Italo Bocchino è un buffone. Non è che voglia aggravare la mia posizione di querelato: una sentenza della Corte di Cassazione relativa a quel Piero Ricca che diede, appunto, del buffone a Silvio Berlusconi, stabilisce infatti che rivolgersi in tal fatta a un politico non costituisce reato, essendo solo una «forte critica che può esplicarsi in forma tanto più incisiva e penetrante, quanto più elevata è la sua posizione pubblica». E Italo Bocchino, che è di elevata posizione pubblica, niente meno che il vice del Presidente della Camera, si prenda dunque da me del buffone.
Ne abbiamo passate delle belle, qui al Giornale. Dapprima trattati da pirla allo sbaraglio (ci davano per falliti entro sessanta giorni), poi da appestati cui negare non dico la parola, ma il semplice buongiorno e infine da nemici da abbattere con ogni mezzo. Subimmo scioperi selvaggi in tipografia, boicottaggi nelle edicole, assalti alla redazione da parte di branchi di scalmanati armati di chiavi inglese e oggetti contundenti di diversa natura.

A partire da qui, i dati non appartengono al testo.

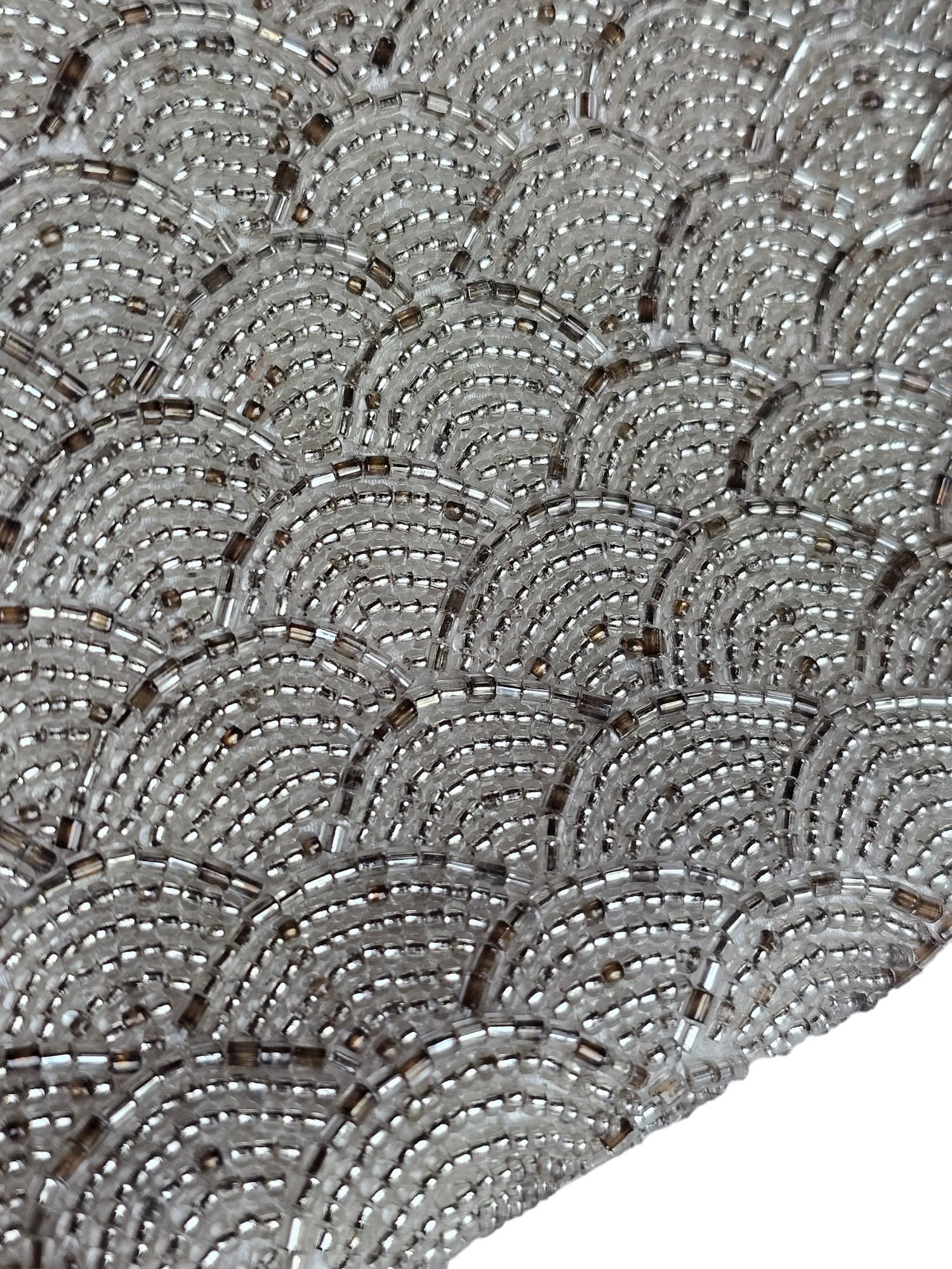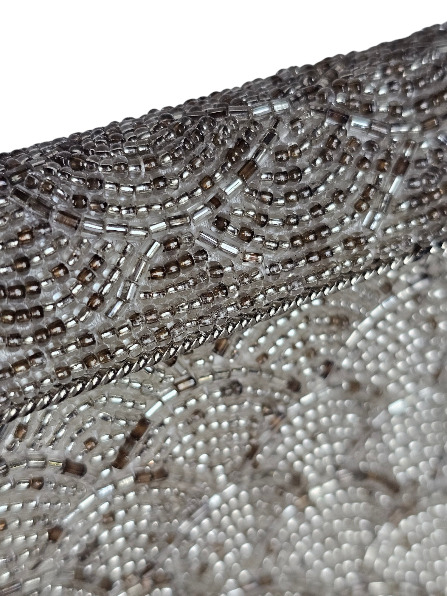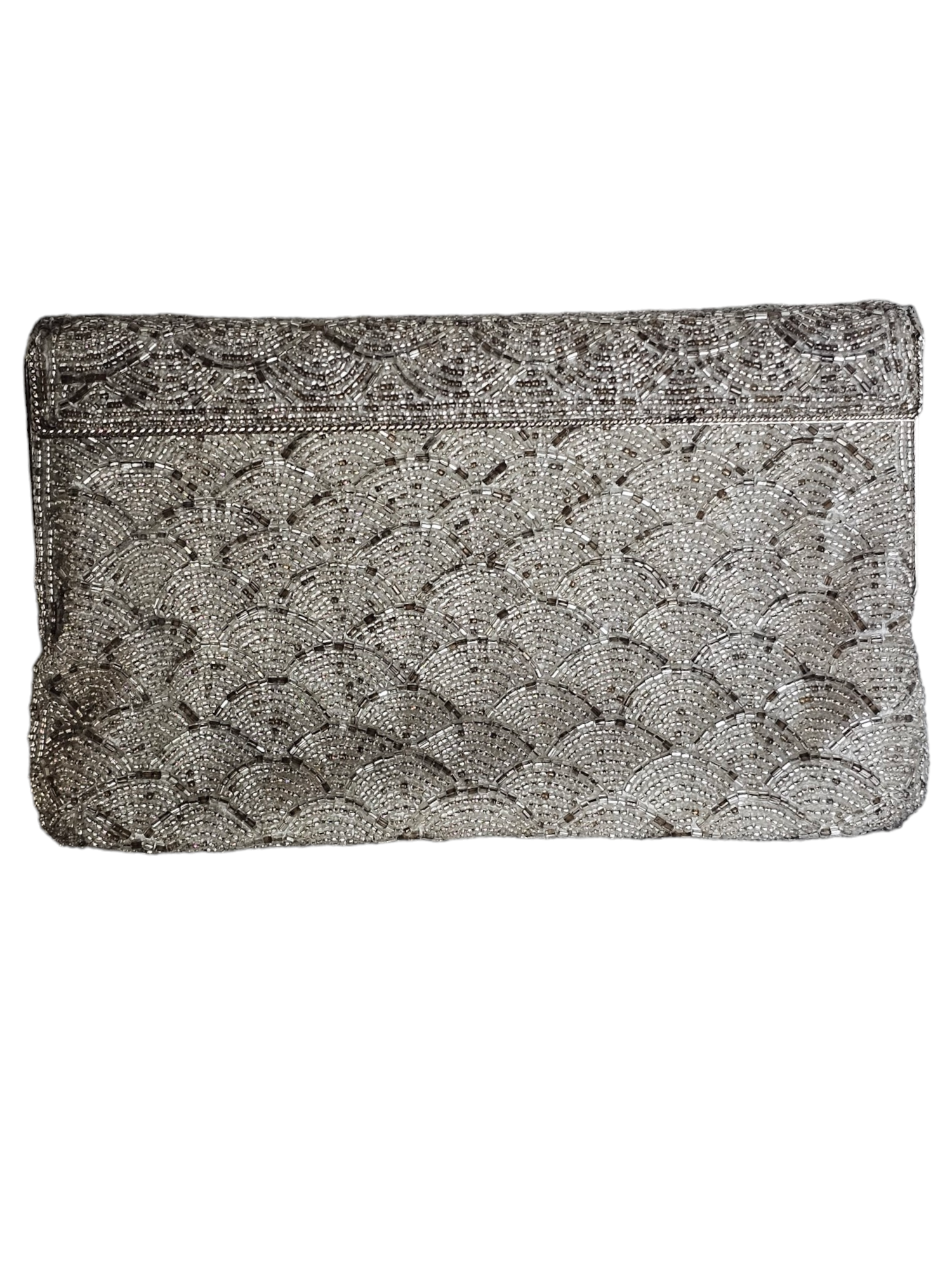 Elevate your evening ensemble with our luxurious Silver Beaded Clutch. The intricate scalloped bead pattern exudes elegance while the silver hinge clasp adds a touch of sophistication. Lined with cream satin, this clutch is the perfect addition to any formal look. Go ahead, make a statement.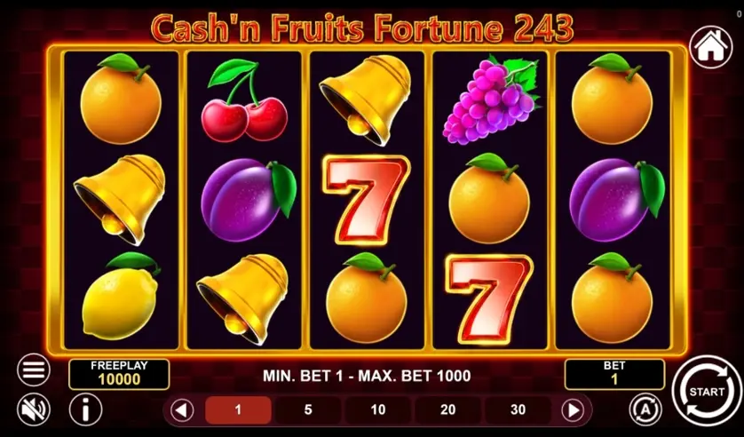 Prova la slot online Cash'n Fruits Fortune 243 gratis in modalità demo, senza download o registrazione.

Montanelli si beccò anche le pallottole. Per dire del clima, fummo costretti a prendere il porto d’armi – subito accordato per manifesto stato di pericolo – e girare con la pistola nella fondina. E tutto questo era niente di fronte alla quotidiana martellante, proterva, violenta e sguaiata aggressione verbale e giornalistica. Altro che stalking. La libertà di stampa e d’opinione, i diritti riconosciuti dalla Costituzione «più bella del mondo» sbandierati ieri e oggi da quelle forze politiche e giornalistiche che vantano la diversità antropologica, a noi del Giornale non era riservata. Per i lorsignori, o cantavi nel coro o volente o nolente ti tappavi la bocca.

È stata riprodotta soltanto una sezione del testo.